-- Task objective --
With the pictures left out, set down the line containing "35名新入职教师在张先庚院长的带领下庄严宣誓。" and each line after it to the end of the material, exactly as written.

-- Dataset extract --
◇ ◇ ◇ ◇ ◇ ◇ ◇
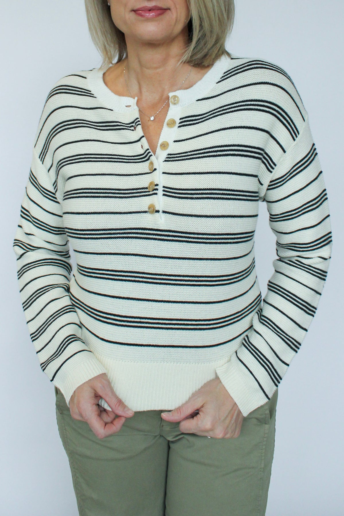 Crafted from quality knit fabric, this Sanctuary henley sweater combines timeless appeal with modern versatility. The black striped pattern provides subtle visual depth, while the half-button placket allows you to adjust coverage and layering options throughout the day. Long sleeves offer warmth without bulk, making this piece ideal for transitional seasons or layering year-round. A refined essential that works as hard as you do.
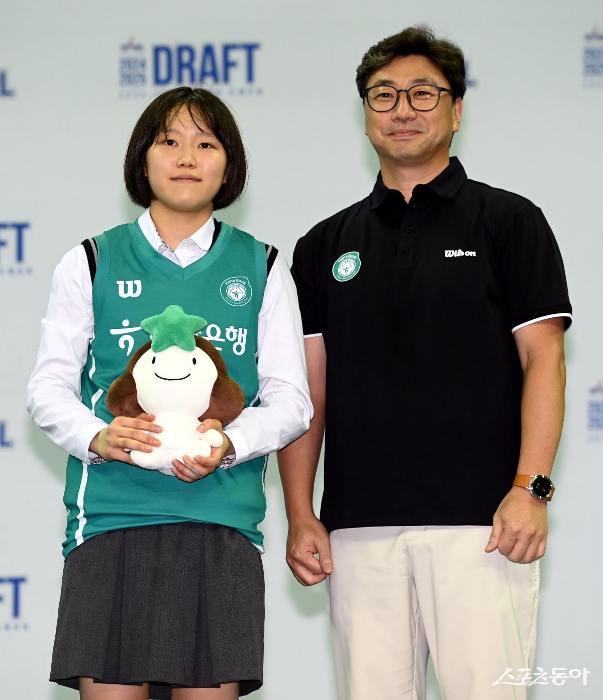 20일 경기도 부천체육관에서 ‘2024-2025 WKBL 신인선수 드래프트’가 열렸다. 하지윤이 2라운드 4순위로 하나은행에 지명된 후 김도완 감독과 기념촬영을 하고 있다. 부천 | 김민성 기자 marineboy@donga.com
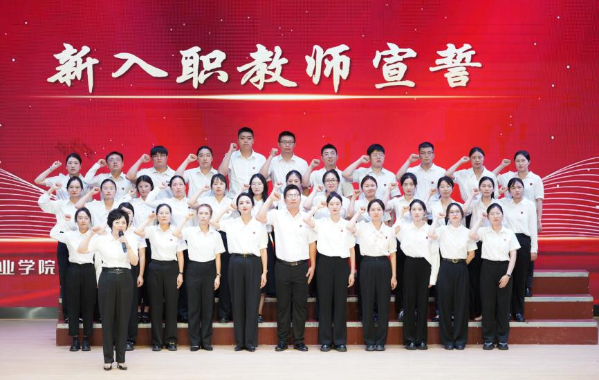 35名新入职教师在张先庚院长的带领下庄严宣誓。
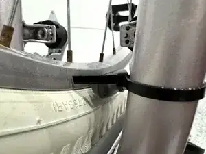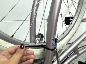 Завязать стяжку рядом с ободом колеса.
◇ ◇ ◇ ◇ ◇ ◇ ◇
-- Response to the task --
 35名新入职教师在张先庚院长的带领下庄严宣誓。
 Завязать стяжку рядом с ободом колеса.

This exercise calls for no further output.